- Exercise requirements:
Would you return exactly the lines below from the line with "Дантист, стоматологическая клиника" through the line with "雪景色の六甲山を背に、神戸港北埠頭を回って入港! |", both included, and nothing else, leaving out the pictures?

- Data for this exercise:
------------------------------------------------------------------------

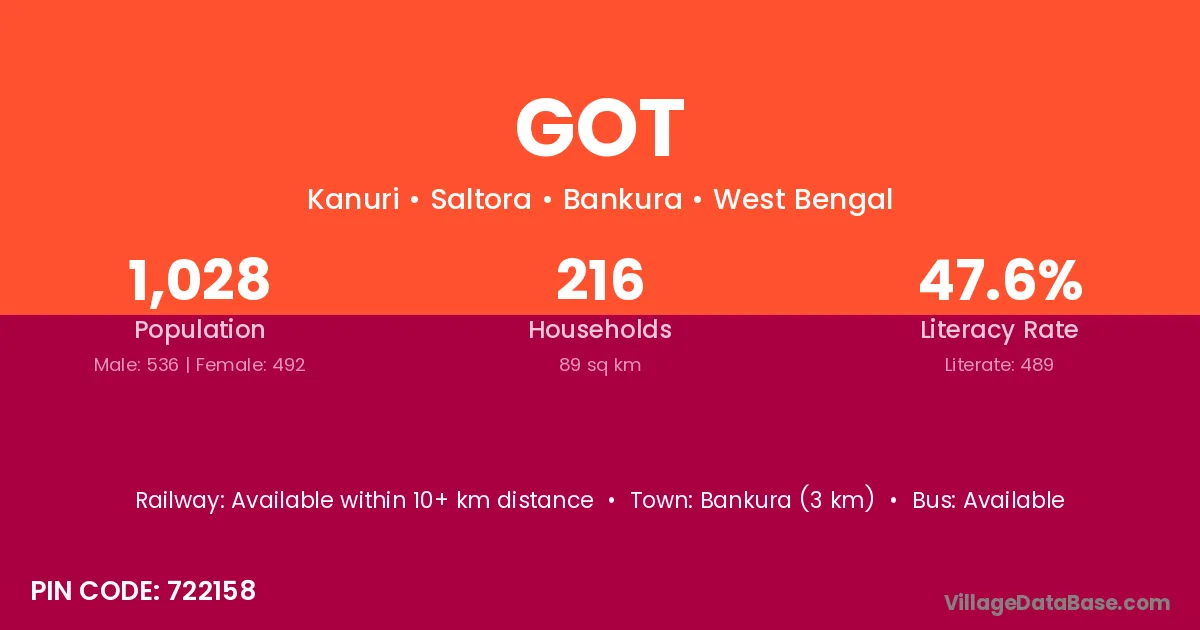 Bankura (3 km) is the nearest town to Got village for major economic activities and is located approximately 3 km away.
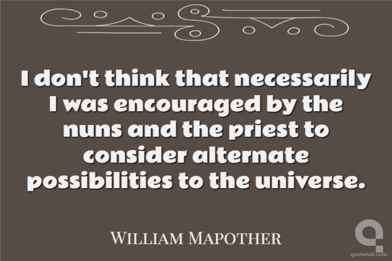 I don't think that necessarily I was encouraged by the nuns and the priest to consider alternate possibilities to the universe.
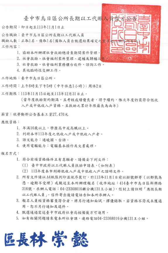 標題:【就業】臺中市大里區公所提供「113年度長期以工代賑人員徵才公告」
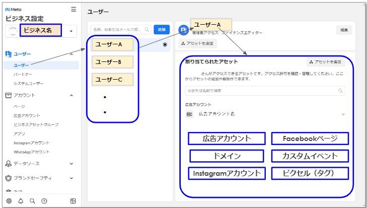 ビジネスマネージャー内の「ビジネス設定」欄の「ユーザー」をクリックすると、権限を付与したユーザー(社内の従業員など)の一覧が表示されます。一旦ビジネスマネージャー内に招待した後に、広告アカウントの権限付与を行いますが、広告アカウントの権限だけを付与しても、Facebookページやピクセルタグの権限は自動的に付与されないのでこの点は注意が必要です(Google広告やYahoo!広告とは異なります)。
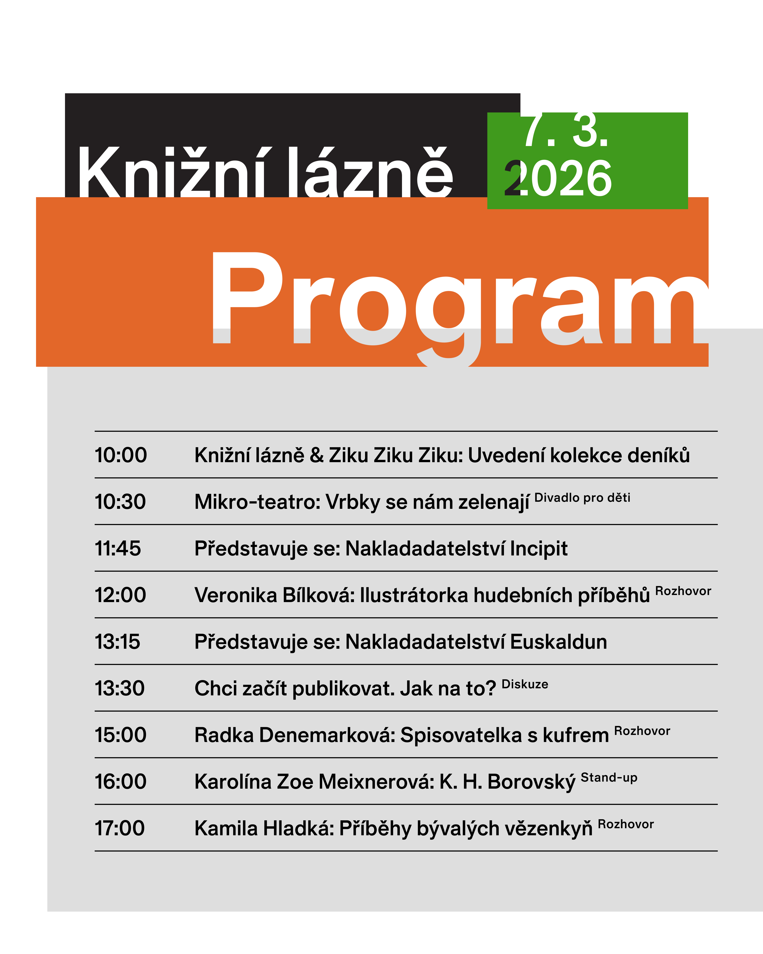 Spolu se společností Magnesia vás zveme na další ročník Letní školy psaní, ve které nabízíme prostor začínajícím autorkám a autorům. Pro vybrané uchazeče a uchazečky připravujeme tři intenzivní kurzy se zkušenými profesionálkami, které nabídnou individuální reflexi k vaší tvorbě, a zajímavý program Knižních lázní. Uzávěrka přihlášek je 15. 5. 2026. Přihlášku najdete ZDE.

------------------------------------------------------------------------

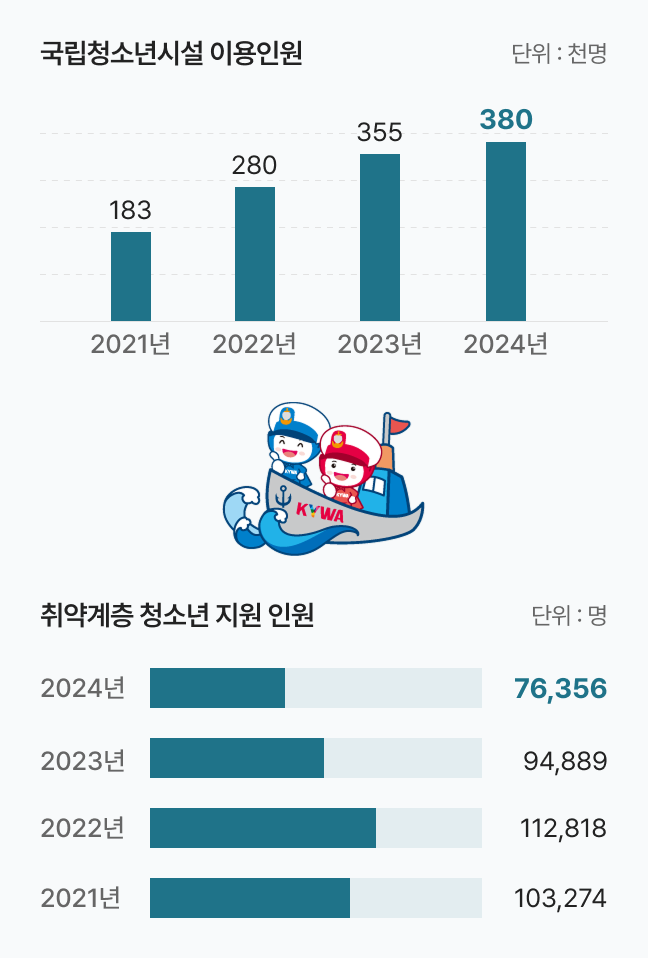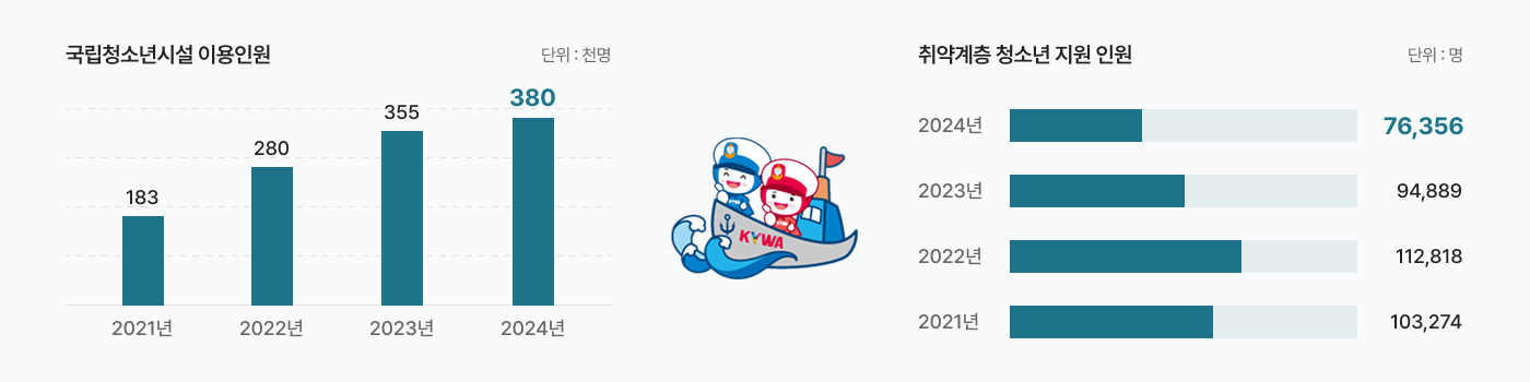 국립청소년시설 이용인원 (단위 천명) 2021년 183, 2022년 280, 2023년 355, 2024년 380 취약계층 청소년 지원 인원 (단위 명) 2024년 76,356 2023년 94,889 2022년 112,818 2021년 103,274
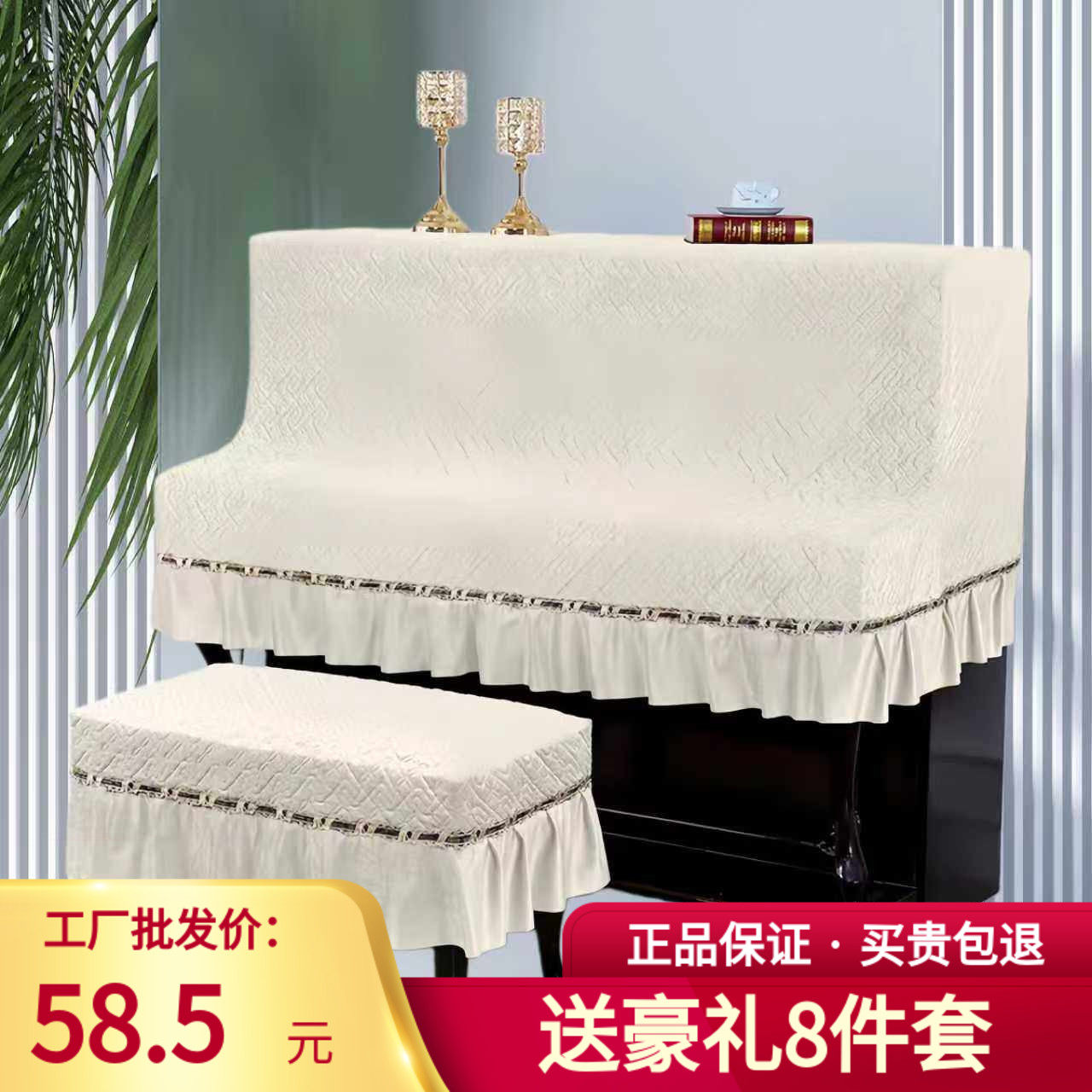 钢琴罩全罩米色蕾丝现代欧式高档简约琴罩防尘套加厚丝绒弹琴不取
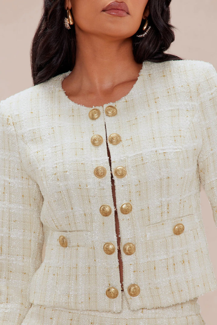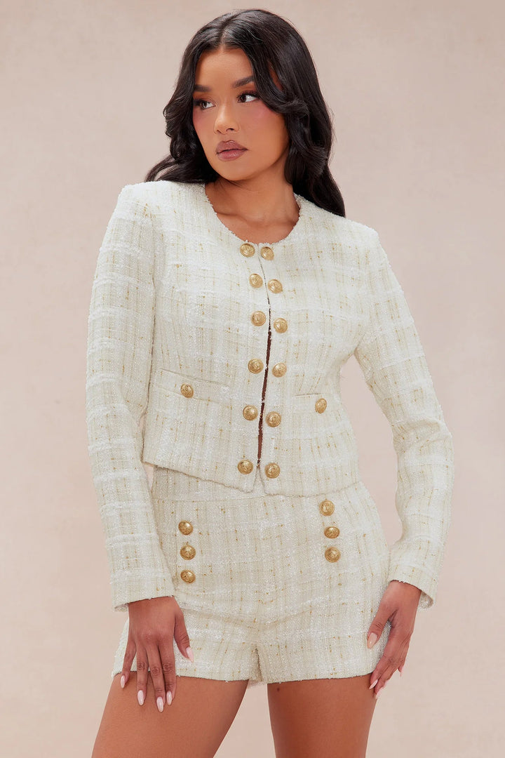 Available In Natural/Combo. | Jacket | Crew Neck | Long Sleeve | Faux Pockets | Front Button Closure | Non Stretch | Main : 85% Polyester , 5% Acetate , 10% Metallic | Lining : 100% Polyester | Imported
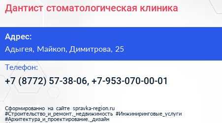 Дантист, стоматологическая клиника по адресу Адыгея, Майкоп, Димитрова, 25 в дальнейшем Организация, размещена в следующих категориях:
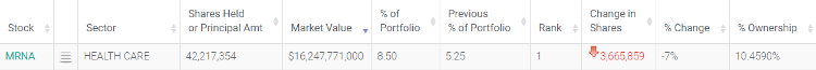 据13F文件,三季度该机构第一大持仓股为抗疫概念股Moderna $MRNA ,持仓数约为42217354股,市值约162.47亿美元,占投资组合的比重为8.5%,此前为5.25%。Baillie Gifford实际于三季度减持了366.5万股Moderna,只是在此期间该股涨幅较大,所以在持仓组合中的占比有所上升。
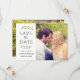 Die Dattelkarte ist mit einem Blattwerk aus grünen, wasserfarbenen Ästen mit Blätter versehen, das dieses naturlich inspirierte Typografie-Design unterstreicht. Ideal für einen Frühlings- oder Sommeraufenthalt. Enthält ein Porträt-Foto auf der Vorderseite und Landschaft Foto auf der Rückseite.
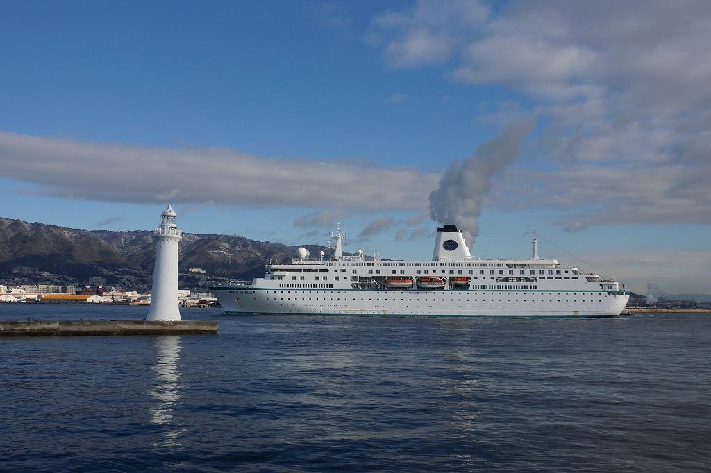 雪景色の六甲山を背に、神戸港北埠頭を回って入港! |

------------------------------------------------------------------------

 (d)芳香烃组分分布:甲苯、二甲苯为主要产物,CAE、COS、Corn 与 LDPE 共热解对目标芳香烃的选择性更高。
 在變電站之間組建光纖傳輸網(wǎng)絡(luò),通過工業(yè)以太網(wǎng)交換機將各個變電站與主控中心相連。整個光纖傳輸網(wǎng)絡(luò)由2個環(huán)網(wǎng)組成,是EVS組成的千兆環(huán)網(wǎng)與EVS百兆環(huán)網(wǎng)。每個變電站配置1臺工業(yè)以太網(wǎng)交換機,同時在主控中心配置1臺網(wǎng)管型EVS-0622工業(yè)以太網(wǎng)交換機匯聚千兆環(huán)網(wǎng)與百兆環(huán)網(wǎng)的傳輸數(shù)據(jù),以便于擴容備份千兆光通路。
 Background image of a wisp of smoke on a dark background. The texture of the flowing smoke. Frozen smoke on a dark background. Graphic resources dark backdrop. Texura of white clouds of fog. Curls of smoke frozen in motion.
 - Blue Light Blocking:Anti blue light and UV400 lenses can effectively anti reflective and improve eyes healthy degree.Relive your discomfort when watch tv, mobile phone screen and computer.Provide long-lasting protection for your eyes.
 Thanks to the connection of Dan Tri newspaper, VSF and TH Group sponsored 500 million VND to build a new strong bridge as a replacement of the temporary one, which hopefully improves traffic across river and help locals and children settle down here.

------------------------------------------------------------------------

- Output:
 Дантист, стоматологическая клиника по адресу Адыгея, Майкоп, Димитрова, 25 в дальнейшем Организация, размещена в следующих категориях:
 据13F文件,三季度该机构第一大持仓股为抗疫概念股Moderna $MRNA ,持仓数约为42217354股,市值约162.47亿美元,占投资组合的比重为8.5%,此前为5.25%。Baillie Gifford实际于三季度减持了366.5万股Moderna,只是在此期间该股涨幅较大,所以在持仓组合中的占比有所上升。
 Die Dattelkarte ist mit einem Blattwerk aus grünen, wasserfarbenen Ästen mit Blätter versehen, das dieses naturlich inspirierte Typografie-Design unterstreicht. Ideal für einen Frühlings- oder Sommeraufenthalt. Enthält ein Porträt-Foto auf der Vorderseite und Landschaft Foto auf der Rückseite.
 雪景色の六甲山を背に、神戸港北埠頭を回って入港! |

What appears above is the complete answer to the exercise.